The meeting will see Maroni confronting national trade unions Cgil, Cisl, Uil and Ugl as well as some employers’ associations including Confindustria.
It comes as the government sets to implement the reform, approved last July, which settles that workers should pay their severance pay, known as Tfr, to pension funds, unless workers explicitly refuse.
The minister and the associations were set to discuss a joint proposal put to the government by the social partners on the organisation of Tfr payment.
Up to now workers have cashed their Tfr at the end of their career, keeping it in their firms. Employers now claim that when the pension reform kicks in, transferring Tfr money to pension funds will imply losing resources.
Wednesday’s talks will pivot on finding resources to compensate employers, highlighting the distinction between collective and individual pension provisions and discussing possible ways to invest Tfr money when workers give no specific instruction.
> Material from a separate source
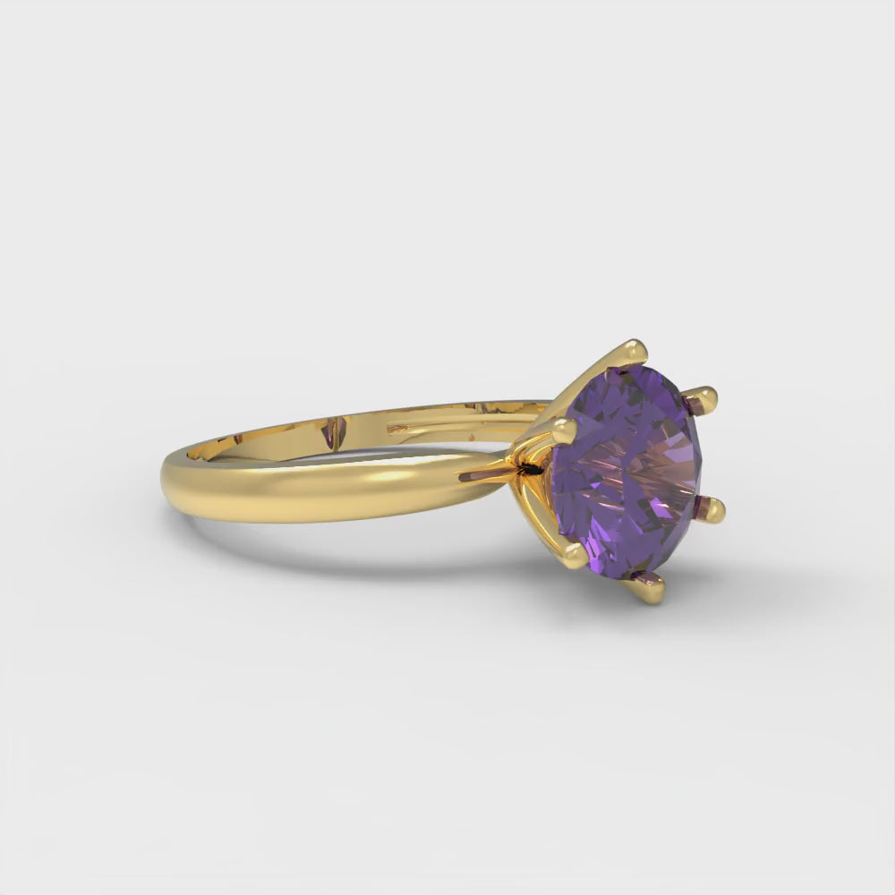 1.5 cttw Natural Amethyst Solitaire Engagement Ring - Solid Gold (Round Cut,7.5mm)

In addition Maroni should comment on a postscript to the document, signed by the trade unions, which asks the government to provide pension funds for public employees as well.
Meanwhile, in a statement published on its website, the ministry said that the investment of Tfr money in pension funds should start in January 2006. Payments could start in July 2005 “in an experimental fashion.”
According to the statement, the decree on the use of the Tfr should be examined by the cabinet in April, parliament will be canvassed in May. Maroni and prime minister Silvio Berlusconi should give their seal of approval in June.
The statement also includes a cost estimate: €20m in 2005, 200 in 2006 and 500 in 2007. The ministry’s press office, however, was not able to explain whether these estimates referred to Tfr inflows to pension funds, compensations to employers or both.